Model \ Label | DRUG | FORM | ROUTE | FREQUENCY | DOSAGE | STRENGTH | DURATION |
---|---|---|---|---|---|---|---|
TRANSFORMERS | 0.95 | 0.94 | 0.93 | 0.75 | 0.91 | 0.96 | 0.86 |
LARGE | 0.92 | 0.93 | 0.96 | 0.77 | 0.85 | 0.94 | 0.67 |
Detecting data shifts
Rubrix Metrics can also help you to find data shifts. According to Georgio Sarantitis (2020), “a data shift occurs when there is a change in the data distribution”.
Let’s simulate a data shift by simply lowercasing ~25% of the medical records. The effect on the model performance is minimal but still noticeable (less than 0.01 points in the macro and micro f1 score). However, looking at the entity capitalness distribution, the shift becomes very obvious if you compare it to the original distribution above.
This will help you to detect data shifts early on and adapt your model accordingly, before performance penalties become significant.
Summary
As you can see, Rubrix Metrics is a nice tool to get deeper insights into your data distributions and model performance. We were able to quickly visualize a variety of measurable quantities of the dataset, as well as quickly compare the performance of two models in more detail. Data shifts are also easily detectable with Rubrix Metrics helping you to stay on top when monitoring your models.
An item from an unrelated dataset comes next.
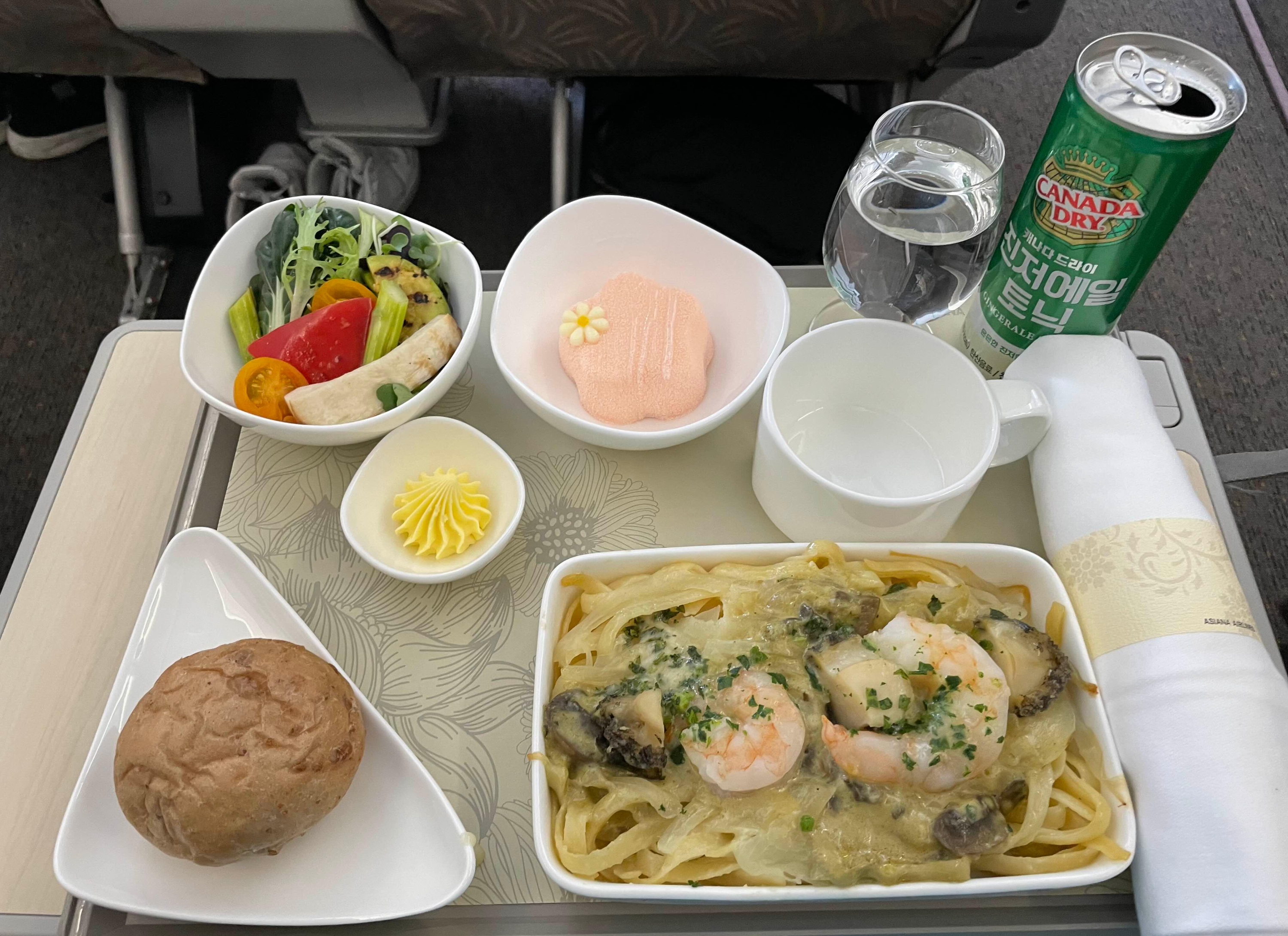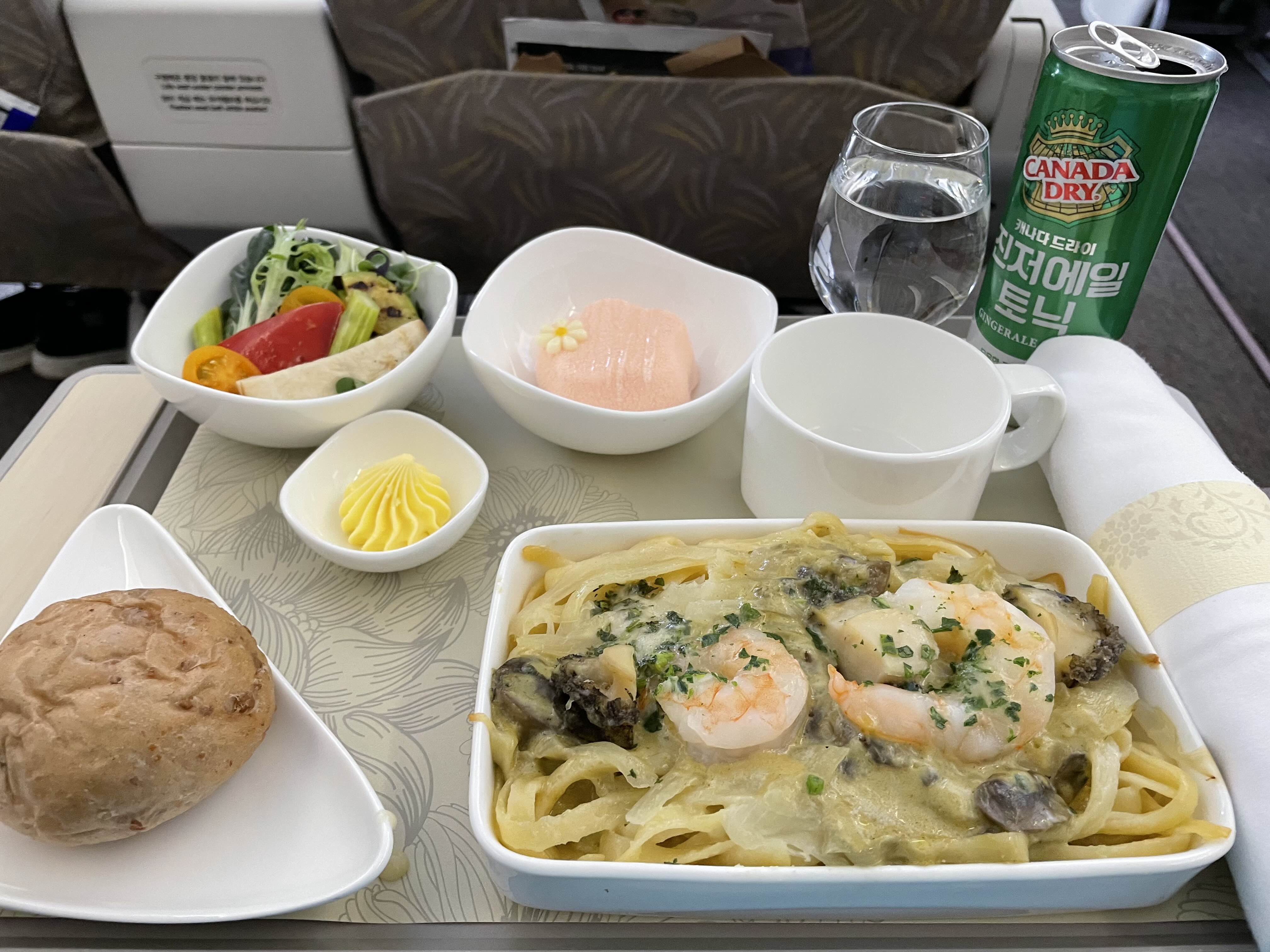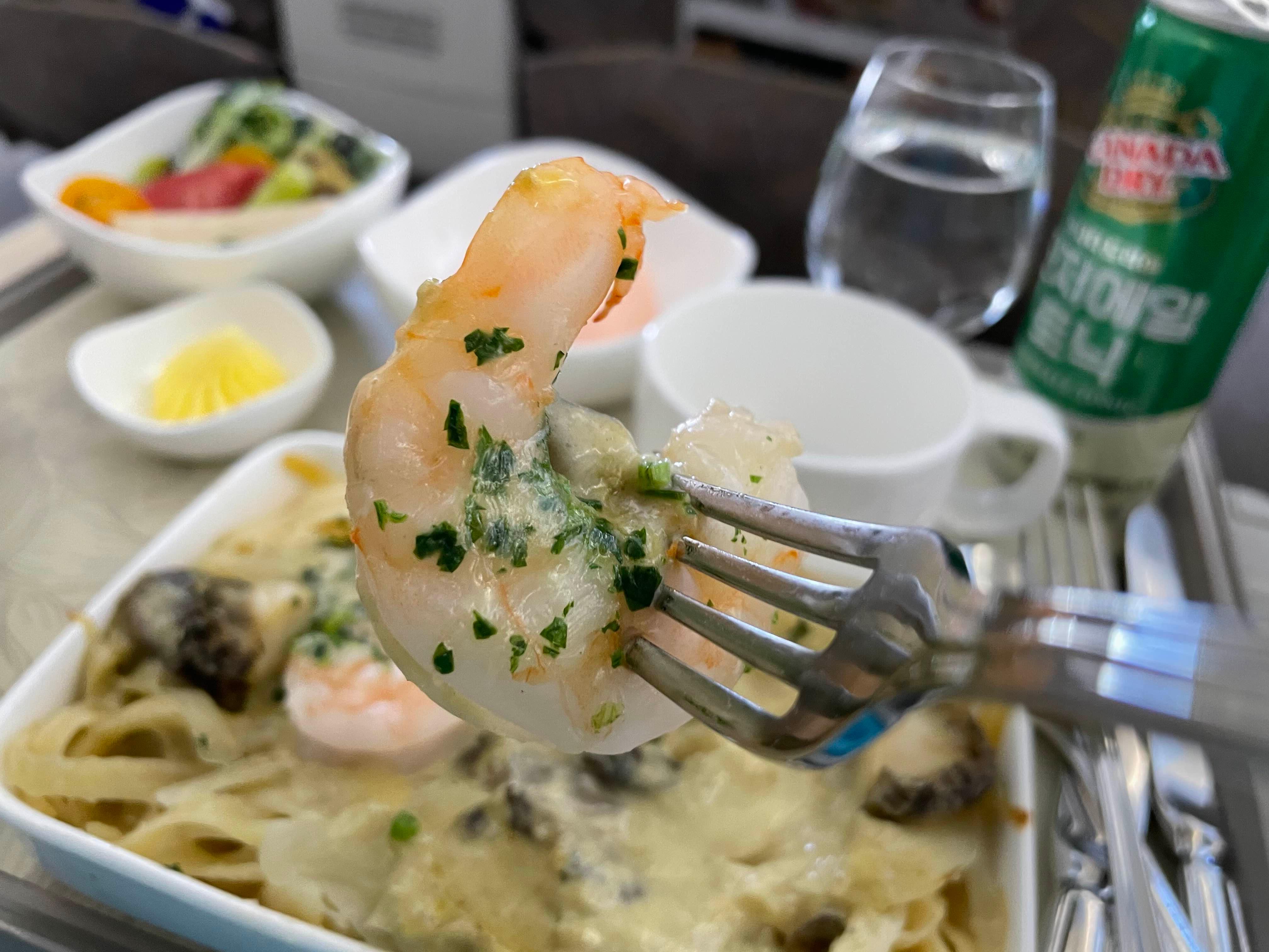 기내식으로 나온 새우 전복 크림 파스타였다.

But there is more to it than that: this tool not only helps to assess models and analyze data, but it can also provide linguistic information about a specific dataset, or can show additional features. In this case, clinical NLP datasets can be a good fit, as they contain special features and language that are always interesting, such as technical words, abbreviations, or singularities regarding their tokens (e.g. their token length).